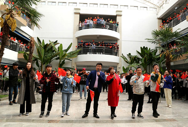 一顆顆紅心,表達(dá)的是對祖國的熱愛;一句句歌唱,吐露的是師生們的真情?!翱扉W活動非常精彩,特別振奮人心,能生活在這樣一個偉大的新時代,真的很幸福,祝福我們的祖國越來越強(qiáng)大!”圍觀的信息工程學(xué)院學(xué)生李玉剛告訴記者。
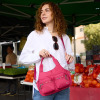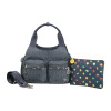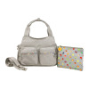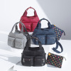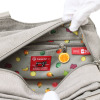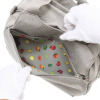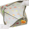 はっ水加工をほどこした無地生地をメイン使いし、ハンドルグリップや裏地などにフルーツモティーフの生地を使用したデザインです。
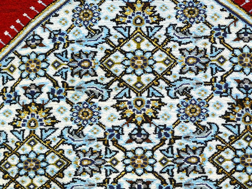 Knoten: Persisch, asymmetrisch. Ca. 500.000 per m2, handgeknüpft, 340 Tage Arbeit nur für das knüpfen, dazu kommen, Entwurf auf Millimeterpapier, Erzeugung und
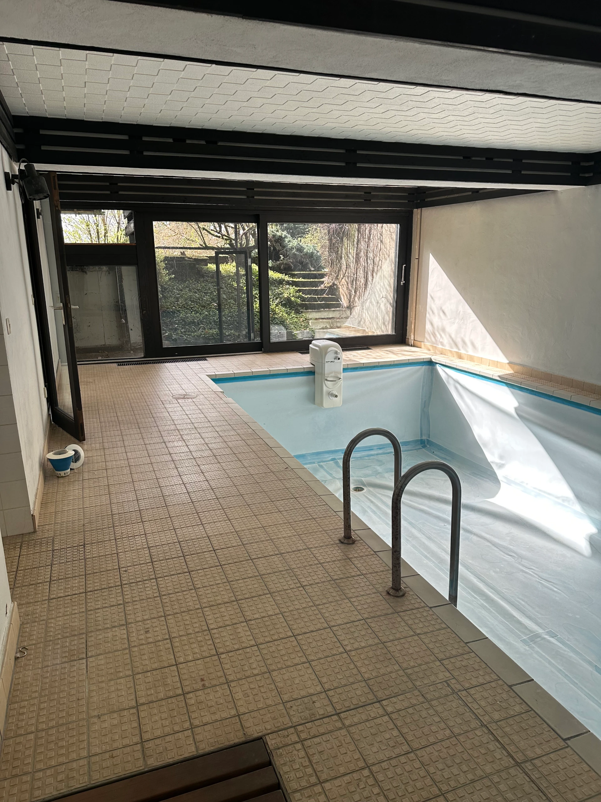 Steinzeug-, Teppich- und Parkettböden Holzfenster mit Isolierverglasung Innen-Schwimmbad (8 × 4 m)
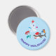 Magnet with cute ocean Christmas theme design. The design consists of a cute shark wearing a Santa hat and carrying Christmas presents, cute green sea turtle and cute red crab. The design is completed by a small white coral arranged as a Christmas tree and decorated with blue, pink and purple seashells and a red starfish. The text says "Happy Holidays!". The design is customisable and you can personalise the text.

WHAT THE EXERCISE ASKS – Your reply should hold exactly the lines from the line containing "Steinzeug-, Teppich- und" through the final line of the listing, and none of the pictures.

ANSWER TO THE EXERCISE –
 Steinzeug-, Teppich- und Parkettböden Holzfenster mit Isolierverglasung Innen-Schwimmbad (8 × 4 m)
 Magnet with cute ocean Christmas theme design. The design consists of a cute shark wearing a Santa hat and carrying Christmas presents, cute green sea turtle and cute red crab. The design is completed by a small white coral arranged as a Christmas tree and decorated with blue, pink and purple seashells and a red starfish. The text says "Happy Holidays!". The design is customisable and you can personalise the text.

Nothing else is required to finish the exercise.